#### What you have to do:
Exactly as they appear below, repeat the lines from the one with "К ландмейстерским знаменам" through the one with "Our South Campus". Drop every picture.

#### Given data:
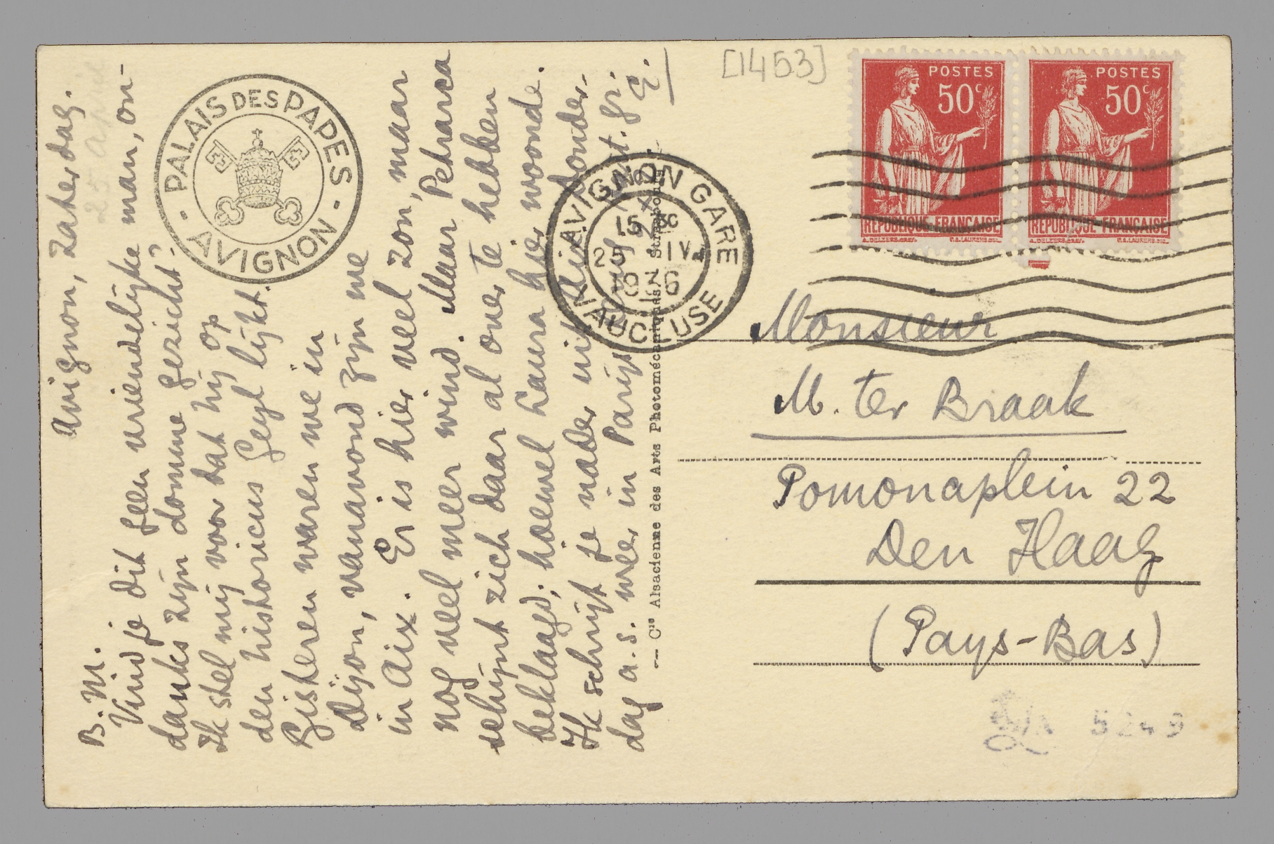 Vind je dit geen vriendelijke man, ondanks zijn domme gezicht? Ik stel mij voor dat hij op den historicus Geyl lijkt. Gisteren waren we in Dijon, vanavond zijn we in Aix. Er is hier veel zon, maar nog veel meer wind. Maar Petrarca schijnt zich daar al over te hebben beklaagd; hoewel Laura hier woonde. Ik schrijf je nader uit Aix. Donderdag a.s. weer in Parijs terug.
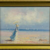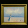 In the distance, sailboats drift like dreams upon the horizon, their masts piercing a sky painted with strokes of lavender, cerulean, and pearl — a testament to Charlot’s command of atmosphere and mood. The beach itself is alive with texture — flecks of shell, shadow, and shimmering tide pools — each rendered with the confident, expressive touch that defines the Impressionist tradition.
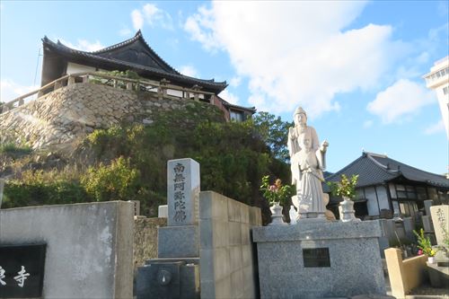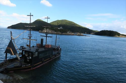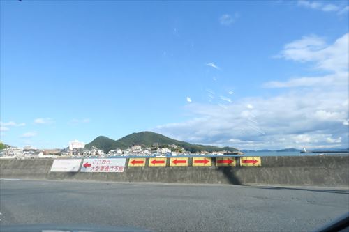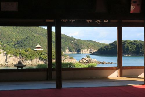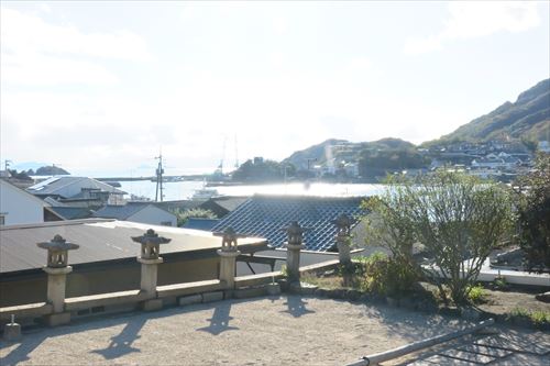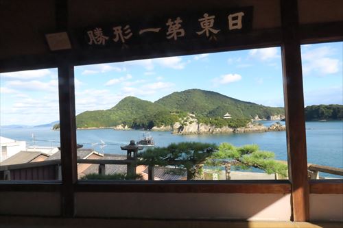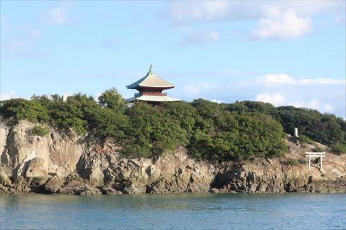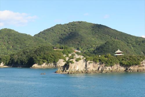 向かいの仙酔島の御前山。東屋の前の碑は行啓記念碑元帥伯爵東郷平八郎謹書 大正15年に、昭和天皇が皇太子時代に、ここから鯛網をご覧になられたらしい。 |
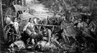 К ландмейстерским знаменам собрались рыцари из Пруссии, Лифляндии, Эстляндии, Курляндии. собрались и другие охочие крестоносцы и повели с собой, в качестве вспомогательного войска, – порабощенных ими куронов, которых в настоящее время нет и следа, так основательно счищены они с лица земли. Воинская сила собралась могущественная, и весь цвет рыцарства находился налицо. Дикари-мятежники расположились пестрыми полчищами близ дурбенского замка, одноименного с ним озера и окаймляющих его болот. Болота расстилались в те дни так широко, что на военном совете рыцарей тотчас же возник вопрос: не лучше ли им спешиться и привязать коней где-либо за боевой линией? Большинство рыцарей высказалось против этого, обидного для их гордости, маневра, равно как и против того, чтобы удовлетворить очень справедливому желанию куронов, помогавших им, получить обратно, в случае победы, своих жен и детей, захваченных неприятелем и находившихся в его лагере. Рыцари желали, оставаясь верными своим меркантильным обычаям, чтобы куроны, их союзники, «выкупили» у них этих жен и детей, которые еще не были отобраны, а только имели быть отобранными! Не трудно, казалось бы, предвидеть будущее; но рыцарей, как говорится, Бог попутал, а куроны вошли в тайное соглашение с неприятелем и поняли очень хорошо, что значить стоять в тылу своих собственных войск.
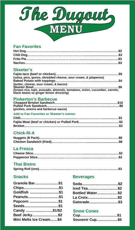 Our South Campus concession stand is run by a 3rd party vendor.
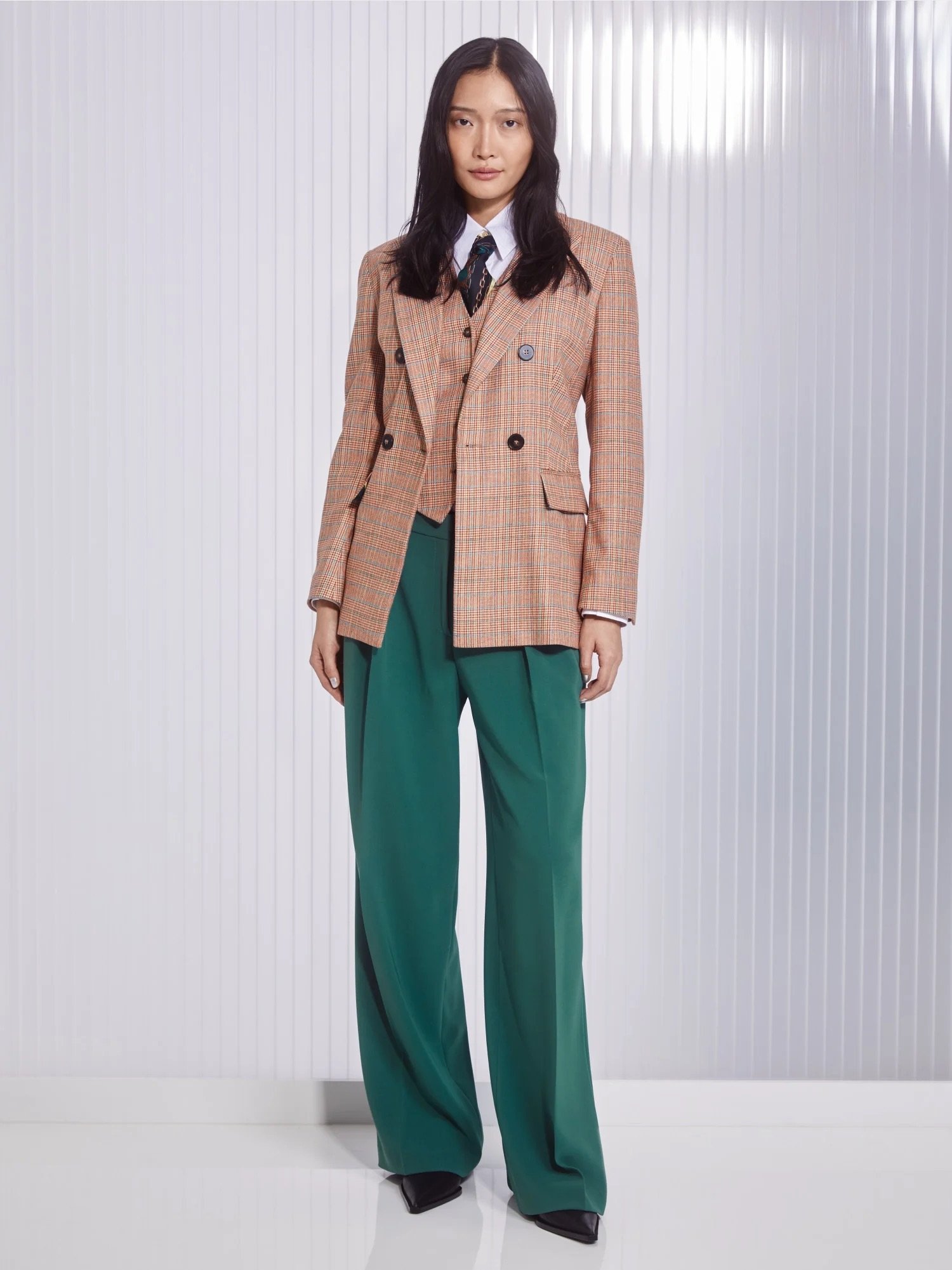 Deze broek is ontworpen met een hoge taille en een wijde fit, wat zorgt voor een modieuze en toch comfortabele pasvorm. De beenlengte van 34″ maakt hem geschikt voor langere benen, terwijl de Wichita-broek perfect te combineren is met zowel hakken als platte schoenen. Het model is 179 cm lang en draagt maat N3 / 38. Verkrijgbare maten zijn:
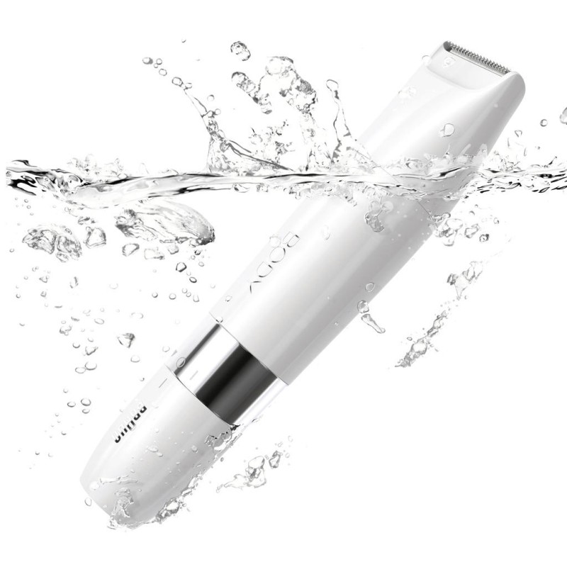 Hårborttagning med precision för bikini, armhålor, bröst, snabb & enkel, wet & dry, med trimmerkam, perfekt när du är på språng. I vit färg.
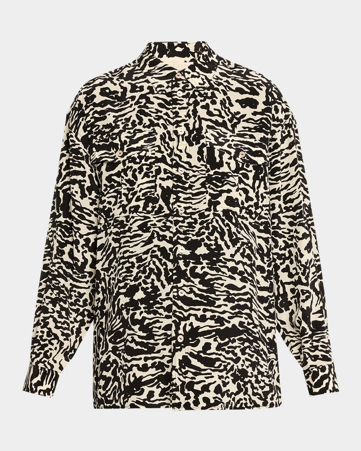 The Ulla Johnson "Soren" shirt blooms with a vinelike floral batik print atop silk crepe de chine. Spread collar Long sleeves with button cuffs Front patch pockets Relaxed fit Button front closure Silk Imported
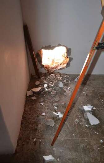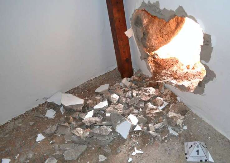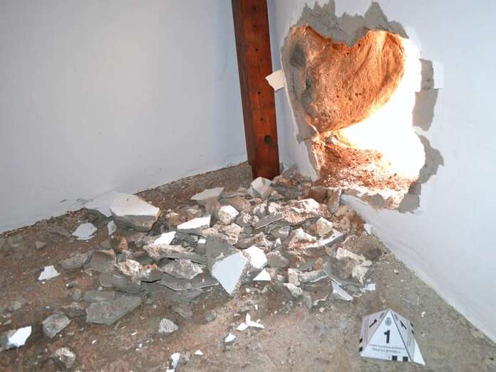Boquete realizado por los ladrones en la ermita (Foto TA) Boquete realizado por los ladrones en la ermita (Foto TA)
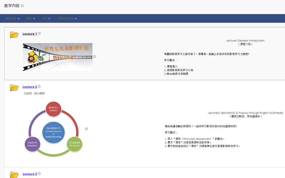 教学内容文件夹设计(图片来源:研究生英语影视听说程英)
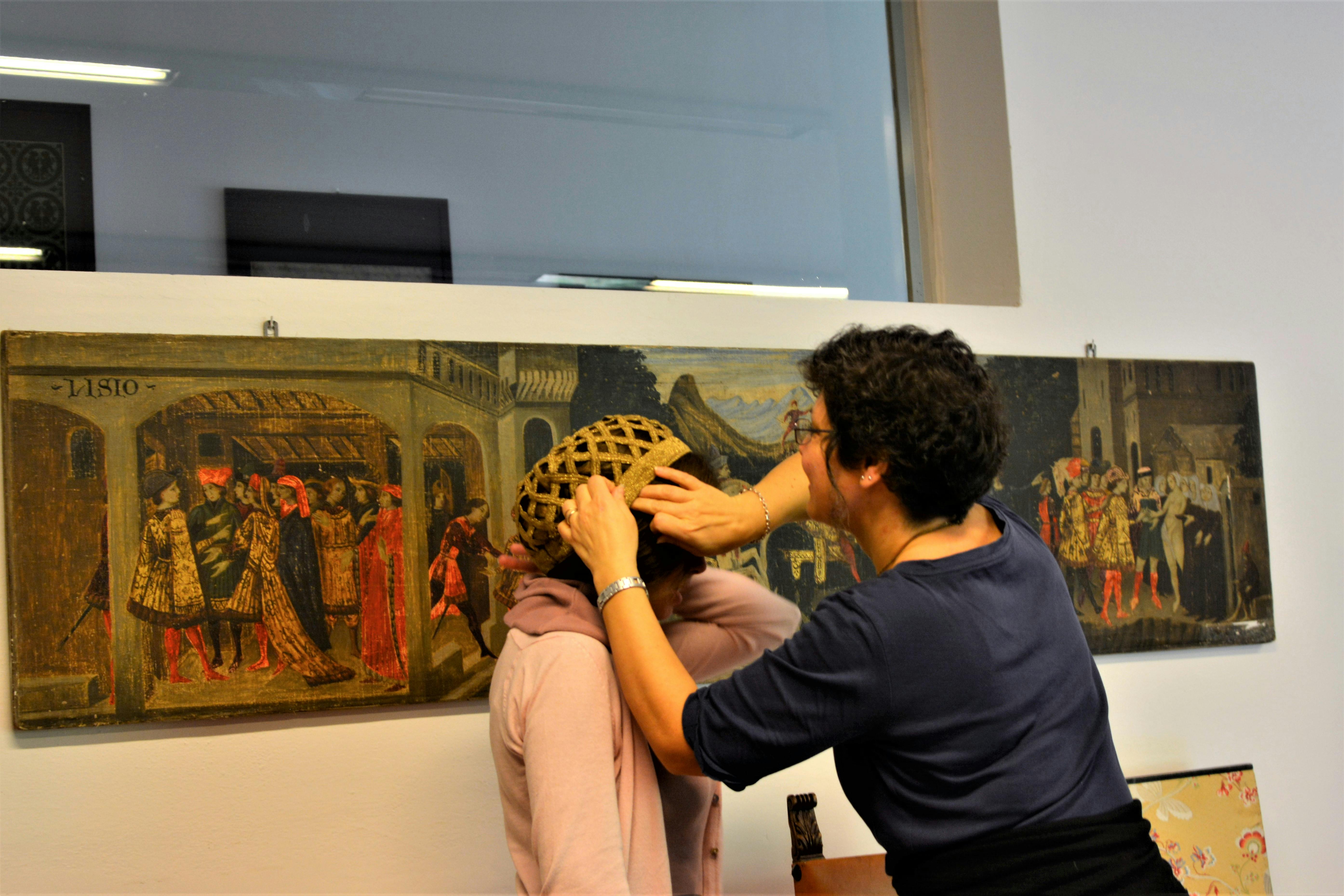 La tessitura manuale dei galloni, soprattutto per questa tipologia di copricapo, avrebbe assicurato una realizzazione più vicina possibile all’originale e avrebbe permesso la selezione e l’utilizzo di un filato che si avvicinasse all’immagine scultorea di Laurana.
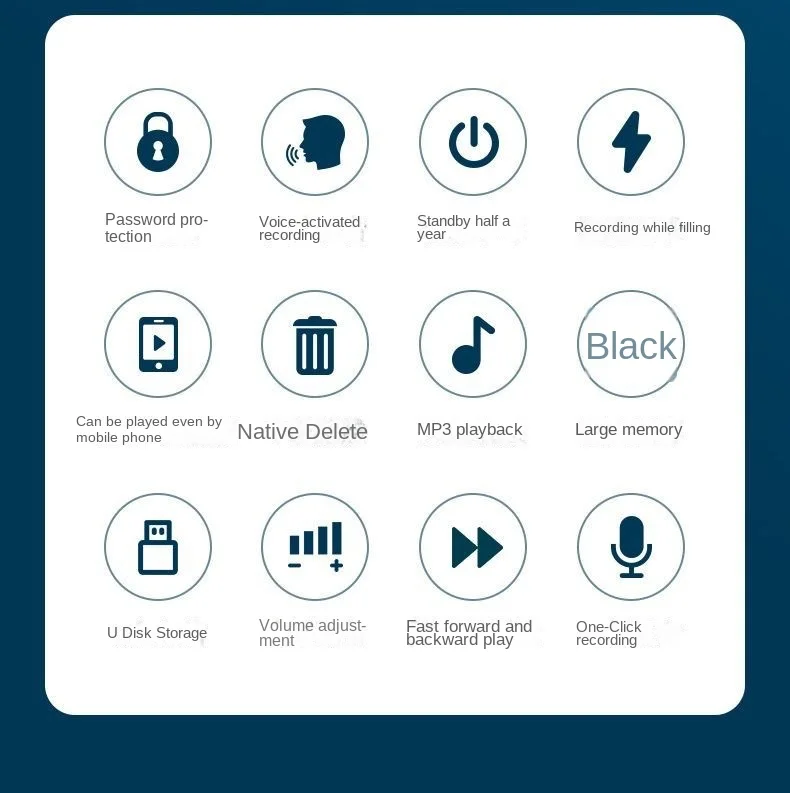 Recording Power: 4.8ma-12ma, supports voice-activated recording, scheduled recording, recording monitoring, password protection, low power saving mode, and shutdown options

#### Exercise answer:
 К ландмейстерским знаменам собрались рыцари из Пруссии, Лифляндии, Эстляндии, Курляндии. собрались и другие охочие крестоносцы и повели с собой, в качестве вспомогательного войска, – порабощенных ими куронов, которых в настоящее время нет и следа, так основательно счищены они с лица земли. Воинская сила собралась могущественная, и весь цвет рыцарства находился налицо. Дикари-мятежники расположились пестрыми полчищами близ дурбенского замка, одноименного с ним озера и окаймляющих его болот. Болота расстилались в те дни так широко, что на военном совете рыцарей тотчас же возник вопрос: не лучше ли им спешиться и привязать коней где-либо за боевой линией? Большинство рыцарей высказалось против этого, обидного для их гордости, маневра, равно как и против того, чтобы удовлетворить очень справедливому желанию куронов, помогавших им, получить обратно, в случае победы, своих жен и детей, захваченных неприятелем и находившихся в его лагере. Рыцари желали, оставаясь верными своим меркантильным обычаям, чтобы куроны, их союзники, «выкупили» у них этих жен и детей, которые еще не были отобраны, а только имели быть отобранными! Не трудно, казалось бы, предвидеть будущее; но рыцарей, как говорится, Бог попутал, а куроны вошли в тайное соглашение с неприятелем и поняли очень хорошо, что значить стоять в тылу своих собственных войск.
 Our South Campus concession stand is run by a 3rd party vendor.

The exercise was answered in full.